消费者行为是对个人,团体或组织以及与购买,使用和处置商品和服务相关的所有活动的研究,以及消费者的情感,态度和偏好如何影响购买行为。
什么影响消费者行为? (What affects consumer behavior?)
Making decisions are very dynamic processing and a lot of things could affect consumer behavior. Analyzing consumer behavior data are allowed us to present products or services in a way that generates a maximum impact on consumers. Consumer behavior is often influenced by different factors such as:
决策是非常动态的处理,很多事情都会影响消费者的行为。 分析消费者行为数据使我们能够以对消费者产生最大影响的方式展示产品或服务。 消费者行为通常受不同因素的影响,例如:
- Personal factors: a specific characteristic such as age, race, gender, culture, income, personal habit/interest, etc 个人因素:特定特征,例如年龄,种族,性别,文化,收入,个人习惯/兴趣等
- Psychological factors: an individual’s response to a marketing message will depend on their perceptions and attitudes. 心理因素:个人对营销信息的React将取决于他们的看法和态度。
- Company Website: web design, products’ reviews from other users, recommendation System 公司网站:网页设计,其他用户的产品评论,推荐系统
- Company’s physical store service 公司的实体店服务
- Social: Policy, Government, Economy, Competitors, World of mouth, Friends, and Family, etc 社会:政策,政府,经济,竞争对手,口碑,朋友和家人等
- Advertising: Email, Mail, Magazine, Cookie, Social Media, Affiliate(Cashback Website), Partnership (Events like NBA, World Cup, TV Shows) 广告:电子邮件,邮件,杂志,Cookie,社交媒体,会员(现金返还网站),合作伙伴关系(NBA,世界杯,电视节目之类的活动)
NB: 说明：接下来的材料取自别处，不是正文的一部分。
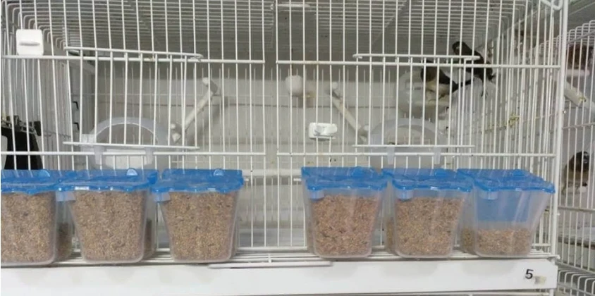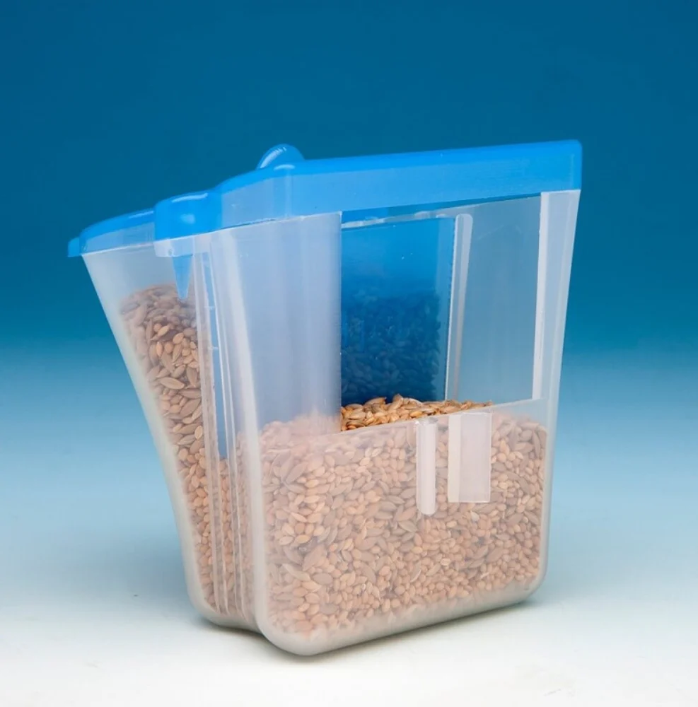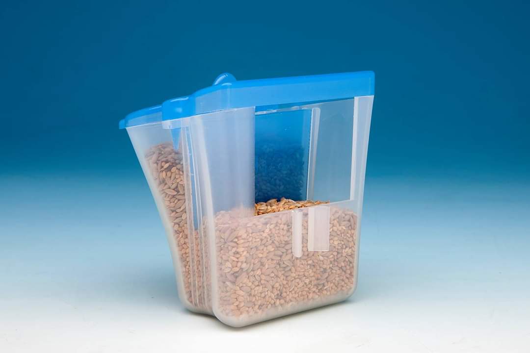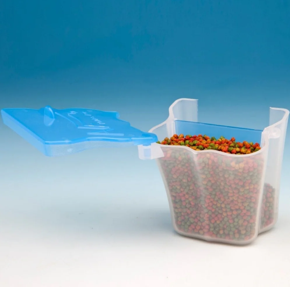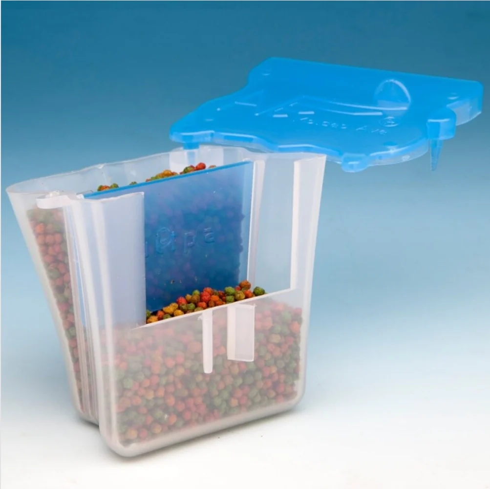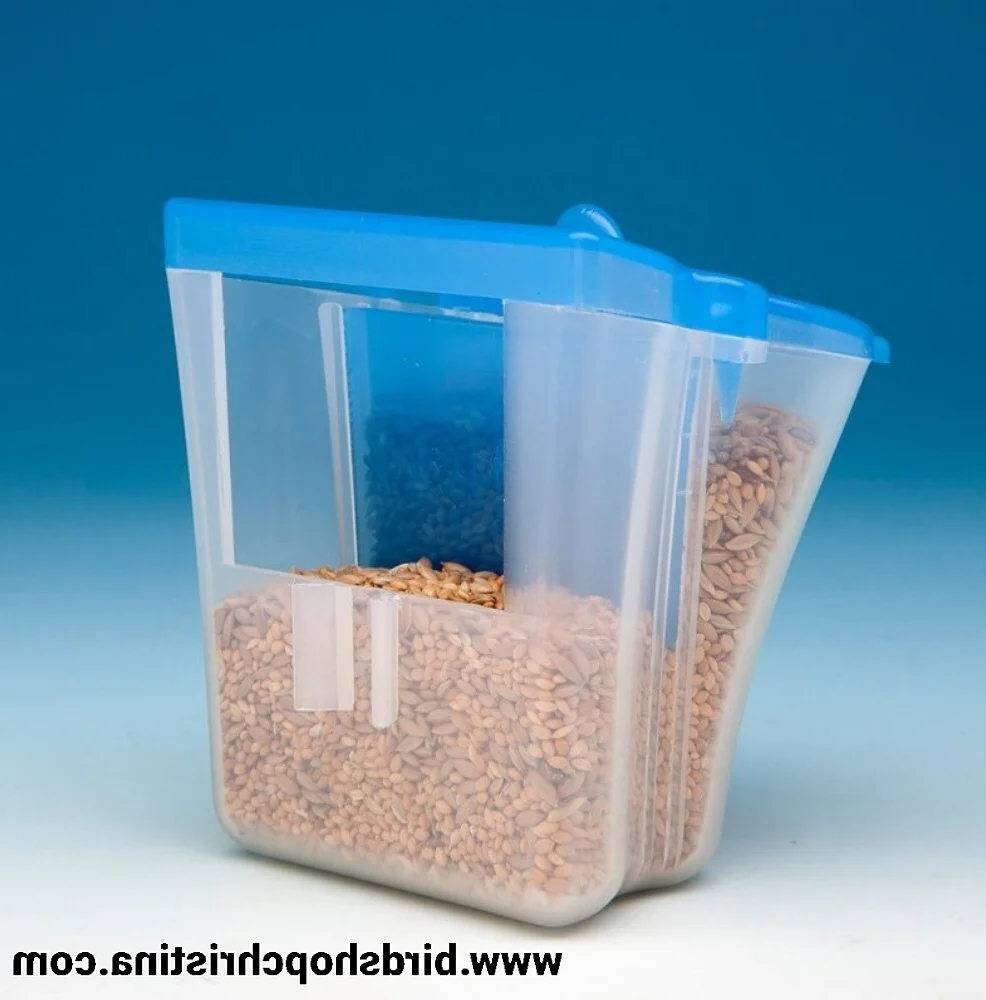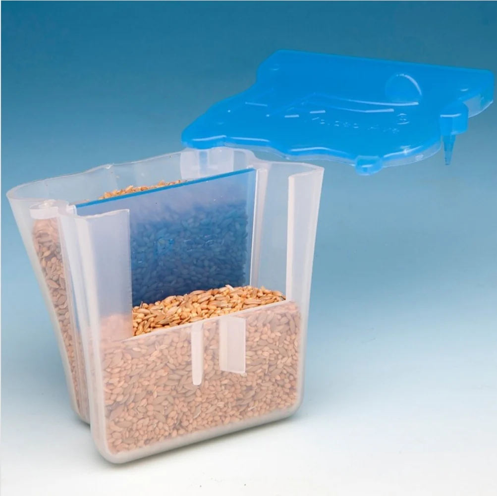 Mangiatoia Tulipa Linguetta coperchio blu. Perfetto per alimentatori a cappella. Grazie al separatore interno a tramoggia, abbiamo una capacità di alimentazione molto maggiore. Realizzato in polipropilene alimentare, un materiale resistente e flessibile. Dimensioni: 75 × 100xH85mm. Capacità : 90gr.
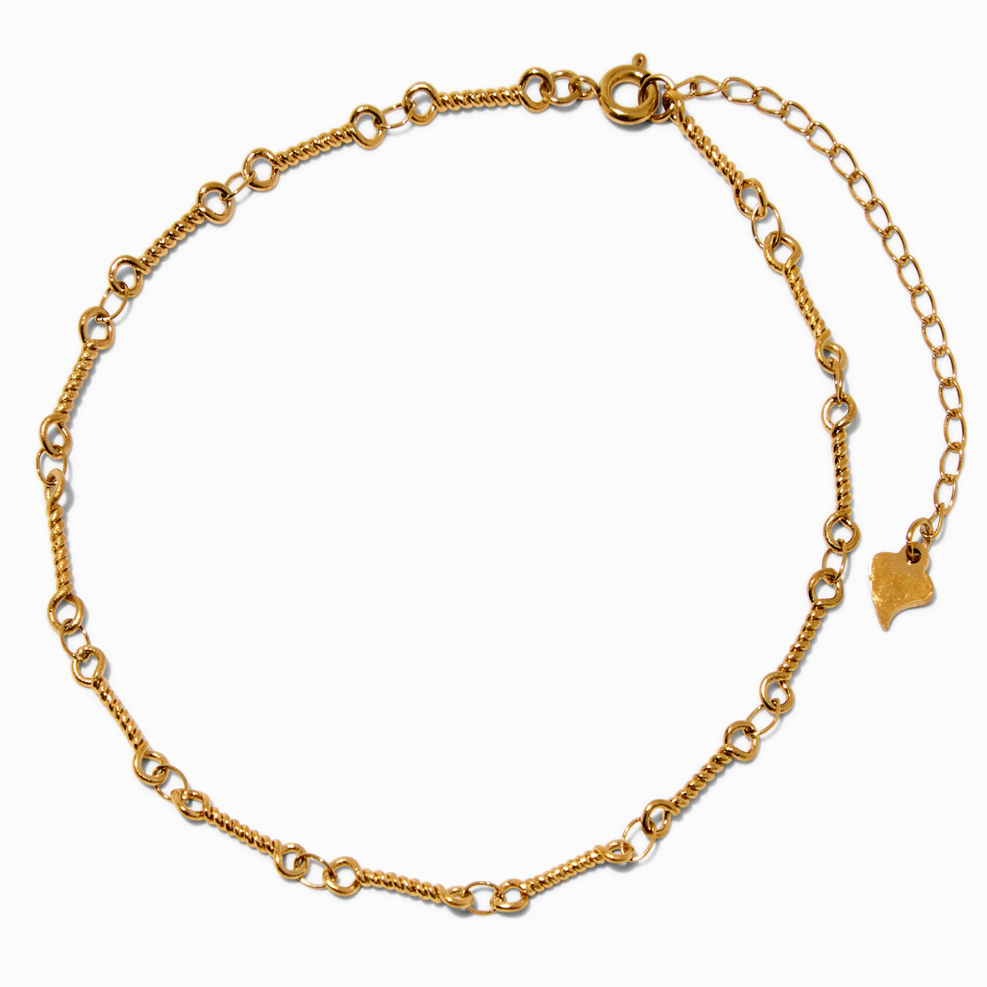 Your summer look isn’t complete until you’re wearing a lovely anklet! This gold-tone chain is made from durable stainless steel and has notched details.
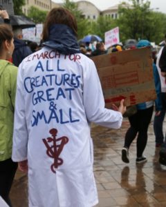 We marched against proposed budgets cuts by the current administration to the National Institutes of Health (NIH), the Centers for Disease Control and Prevention (CDC), the Environmental Protection Agency (EPA), and many of the governmental agencies that support scientific research and create the bedrock for public health. The proposed budgetary cuts would decrease the NIH budget by almost 20% and entirely eliminate the Fogarty International Center, which has been integral in building research capacity abroad, including against threats from emerging infectious diseases that are indiscriminate of national boundaries.
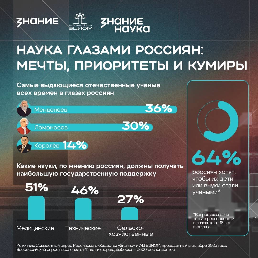 ❤️🔥 Дмитрий Менделеев, Михаил Ломоносов и Сергей Королев стали самыми упоминаемыми учеными среди россиян, следует из совместного опроса Аналитического центра ВЦИОМ и Российского общества "Знание", который есть в распоряжении РИА Новости🇷🇺 🛫 @aidaprepod | #ЕГЭ 📰#новостиобразовани
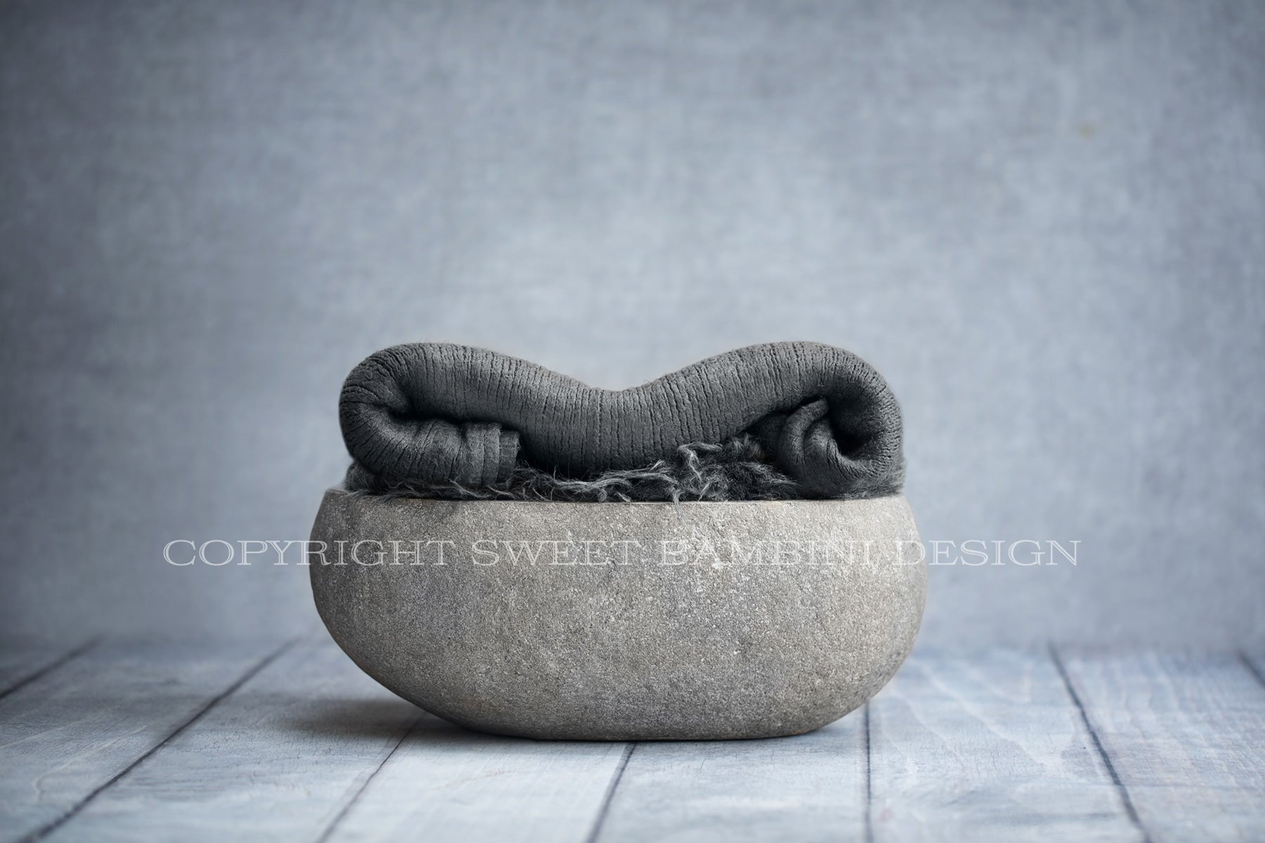 Newborn Digital Backdrop - Natural stone bowl with grey blanket
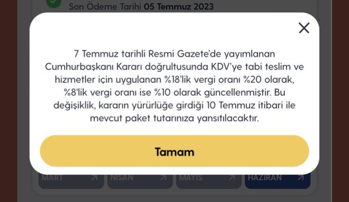 Turkcell kullanıcılarına yaptığı uyarıda yüzde 18'den 20'ye yükseltilen KDV oranlarının fiyatlara yansıyacağı bilgisini paylaştı. Yapılan uyarıda "7 Temmuz tarihli Resmi Gazete'de yayımlanan Cumhurbaşkanı Kararı doğrultusunda KDV'ye tabi teslim ve hizmetler için uygulanan yüzde 18'lik vergi oranı yüzde 20 olarak, yüzde 8'lik vergi oranı ise yüzde 10 olarak güncellenmiştir. Bu değişiklik, kararın yürürlüğe girdiği 10 Temmuz itibari ile mevcut paket tutarınıza yansıtılacaktır" denildi.
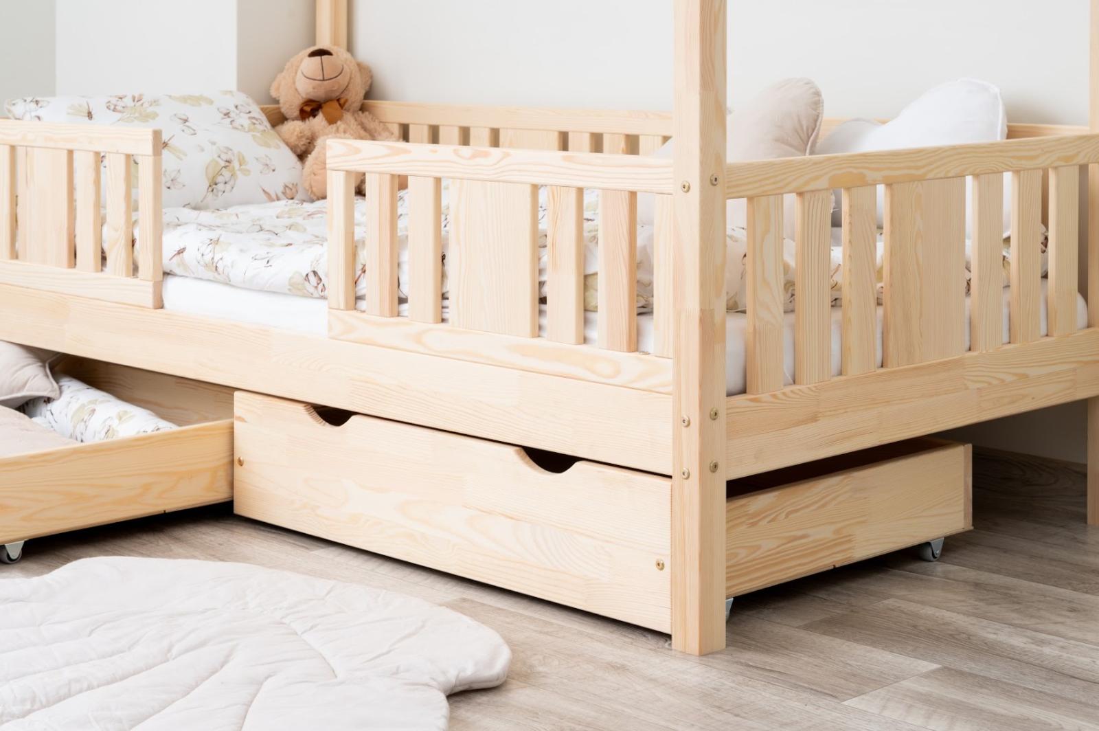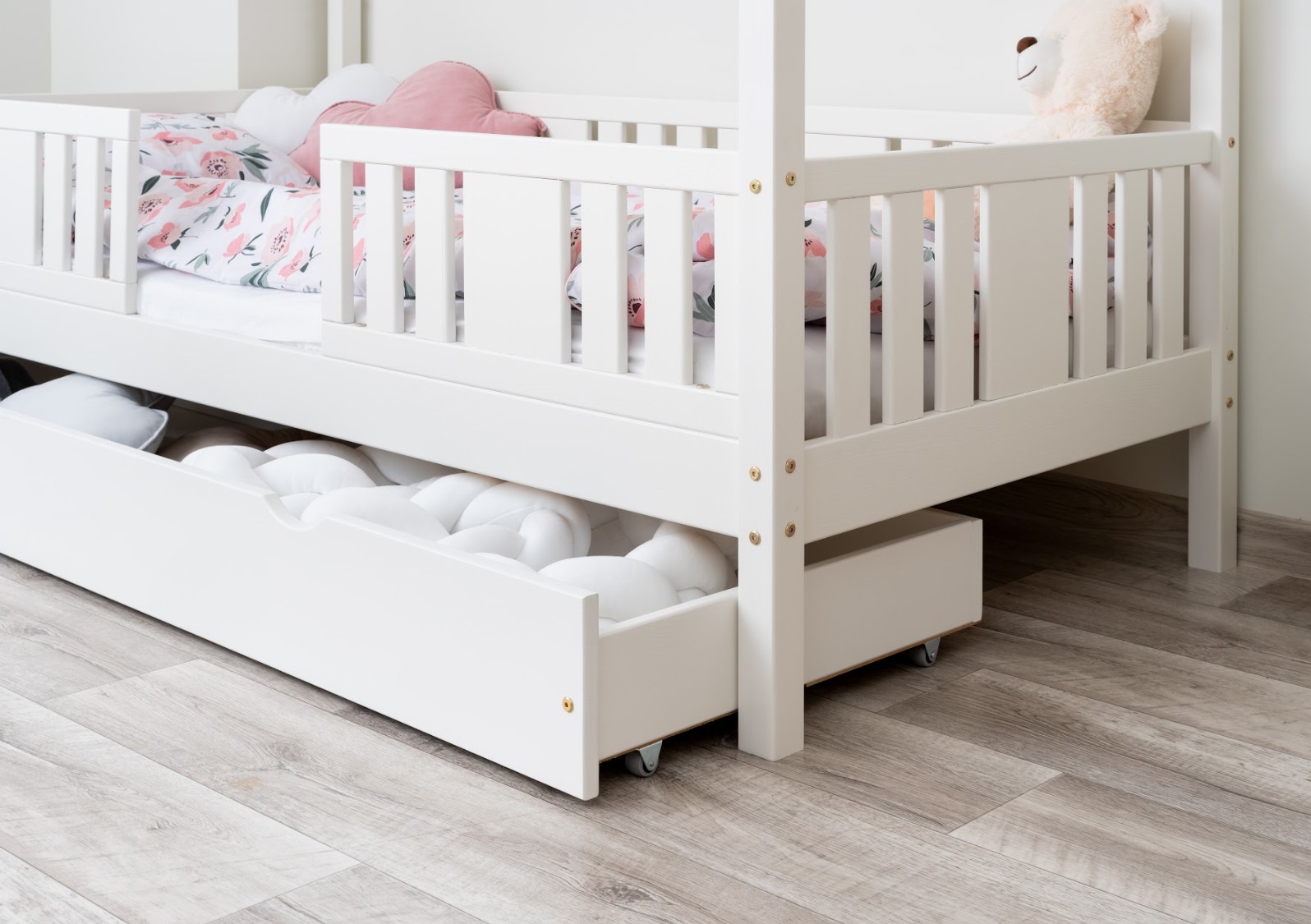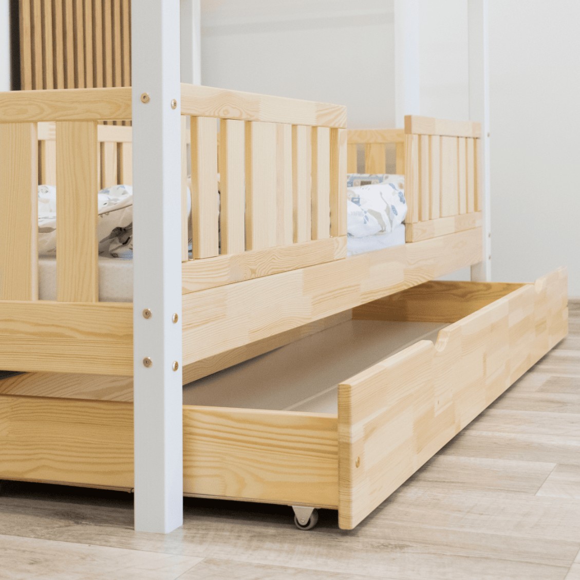 Výška nôh 20 cm otvára nové dizajnové možnosti. Pod posteľ môžete umiestniť jednu veľkú zásuvku, dve menšie alebo zásuvku s funkciou spania – ideálne riešenie pre súrodencov alebo hostí. Je to praktické miesto na uloženie posteľnej bielizne, oblečenia, diek a obľúbených hračiek, ktoré máte vždy na dosah ruky, ale mimo dohľadu. Domček NIKO S 20 bol vytvorený s ohľadom na deti, ktoré si cenia útulné priestory pre hranie a relaxáciu. Zvýšená konštrukcia kombinuje estetiku s vysokou funkčnosťou, takže je ideálna aj pre malé miestnosti.

为什么消费者行为数据很重要? (Why Consumer Behavior data is important?)
Understanding consumer behavior is a vital aspect of marketing. Based on consumer behavior data, we are able to know how consumers make decisions and how potential customers will respond to new products or new services. It is important to explore actionable insights from the data to support companies to put forward corresponding strategies.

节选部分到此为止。